_DATA EXTRACTS:_

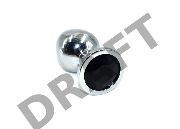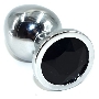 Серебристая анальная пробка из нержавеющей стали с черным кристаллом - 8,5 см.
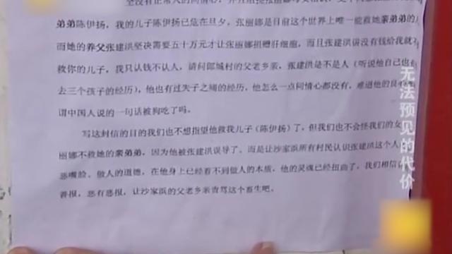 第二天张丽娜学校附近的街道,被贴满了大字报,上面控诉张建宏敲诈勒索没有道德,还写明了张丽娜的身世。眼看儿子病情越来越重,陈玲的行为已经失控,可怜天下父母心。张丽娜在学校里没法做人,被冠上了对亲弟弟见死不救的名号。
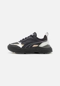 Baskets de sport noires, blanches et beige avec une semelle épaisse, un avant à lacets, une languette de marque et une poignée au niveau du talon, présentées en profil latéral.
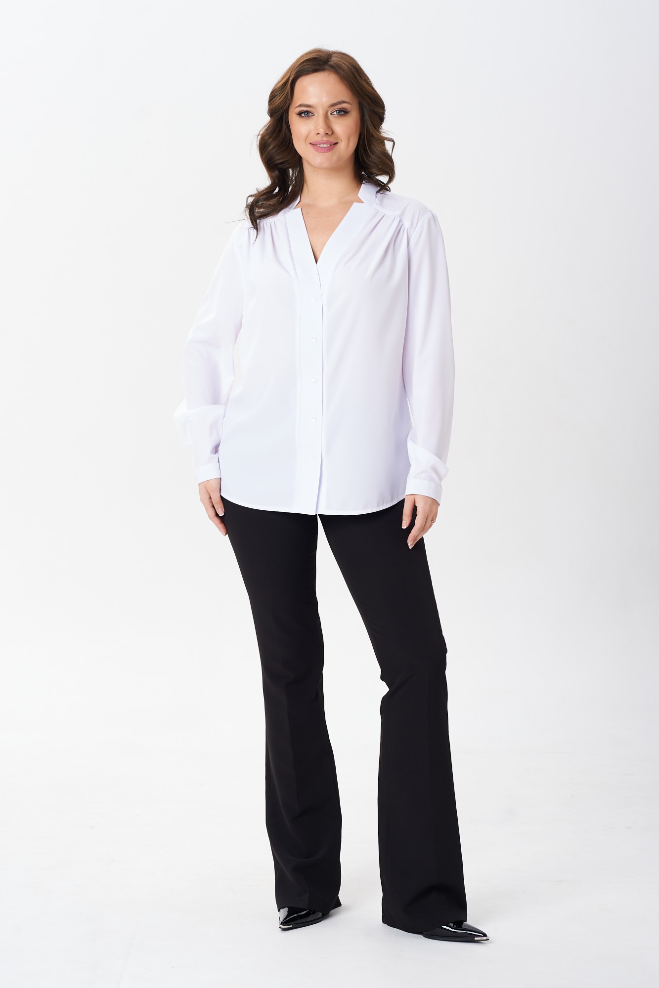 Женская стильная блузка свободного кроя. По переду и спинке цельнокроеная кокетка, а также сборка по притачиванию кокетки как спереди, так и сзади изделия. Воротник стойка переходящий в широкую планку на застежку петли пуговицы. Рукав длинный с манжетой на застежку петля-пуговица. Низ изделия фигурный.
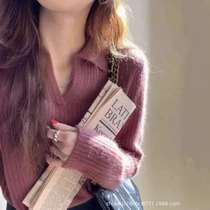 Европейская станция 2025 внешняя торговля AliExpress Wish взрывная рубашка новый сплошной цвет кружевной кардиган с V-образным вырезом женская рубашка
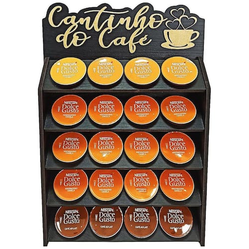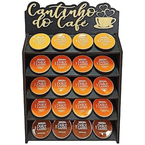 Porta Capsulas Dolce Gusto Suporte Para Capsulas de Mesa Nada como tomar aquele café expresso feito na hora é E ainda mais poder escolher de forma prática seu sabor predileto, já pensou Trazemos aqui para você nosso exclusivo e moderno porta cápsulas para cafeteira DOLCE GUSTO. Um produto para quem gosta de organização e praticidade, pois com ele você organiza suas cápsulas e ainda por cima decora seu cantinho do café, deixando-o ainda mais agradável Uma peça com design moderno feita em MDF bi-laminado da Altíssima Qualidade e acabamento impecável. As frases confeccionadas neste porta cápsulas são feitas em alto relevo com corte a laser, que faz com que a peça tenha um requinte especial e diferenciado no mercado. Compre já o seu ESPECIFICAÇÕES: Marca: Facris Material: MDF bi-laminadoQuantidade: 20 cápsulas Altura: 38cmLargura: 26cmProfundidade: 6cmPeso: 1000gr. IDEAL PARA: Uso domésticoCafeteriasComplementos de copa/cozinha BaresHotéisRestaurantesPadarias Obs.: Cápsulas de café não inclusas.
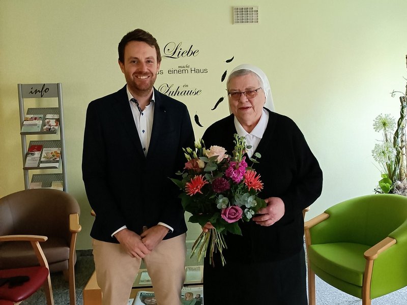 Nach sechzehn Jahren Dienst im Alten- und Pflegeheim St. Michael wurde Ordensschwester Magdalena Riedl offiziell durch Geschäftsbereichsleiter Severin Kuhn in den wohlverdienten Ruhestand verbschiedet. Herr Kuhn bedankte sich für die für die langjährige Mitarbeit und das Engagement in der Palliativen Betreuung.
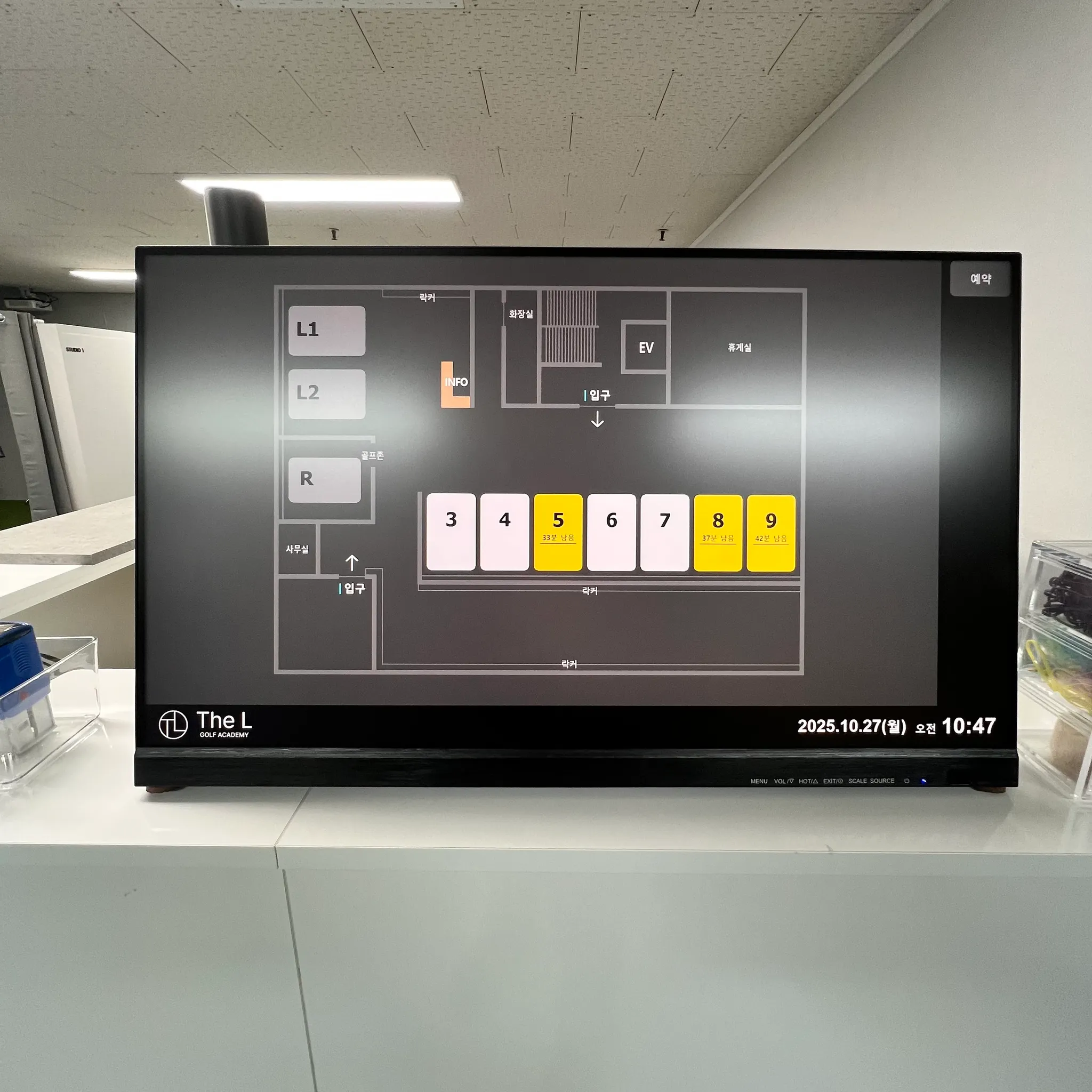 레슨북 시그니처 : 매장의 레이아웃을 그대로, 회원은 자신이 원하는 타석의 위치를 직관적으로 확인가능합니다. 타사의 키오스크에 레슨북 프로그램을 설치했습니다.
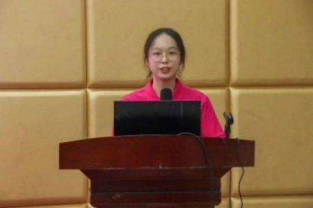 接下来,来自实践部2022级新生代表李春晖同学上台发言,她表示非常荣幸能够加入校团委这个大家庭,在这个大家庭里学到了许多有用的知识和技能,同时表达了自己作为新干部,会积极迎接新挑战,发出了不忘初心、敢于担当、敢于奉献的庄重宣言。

_BRIEF:_
Restate, word for word and without pictures, the lines from the line containing "Nach sechzehn Jahren" to the last line of the records above.

_RESULT:_
 Nach sechzehn Jahren Dienst im Alten- und Pflegeheim St. Michael wurde Ordensschwester Magdalena Riedl offiziell durch Geschäftsbereichsleiter Severin Kuhn in den wohlverdienten Ruhestand verbschiedet. Herr Kuhn bedankte sich für die für die langjährige Mitarbeit und das Engagement in der Palliativen Betreuung.
 레슨북 시그니처 : 매장의 레이아웃을 그대로, 회원은 자신이 원하는 타석의 위치를 직관적으로 확인가능합니다. 타사의 키오스크에 레슨북 프로그램을 설치했습니다.
 接下来,来自实践部2022级新生代表李春晖同学上台发言,她表示非常荣幸能够加入校团委这个大家庭,在这个大家庭里学到了许多有用的知识和技能,同时表达了自己作为新干部,会积极迎接新挑战,发出了不忘初心、敢于担当、敢于奉献的庄重宣言。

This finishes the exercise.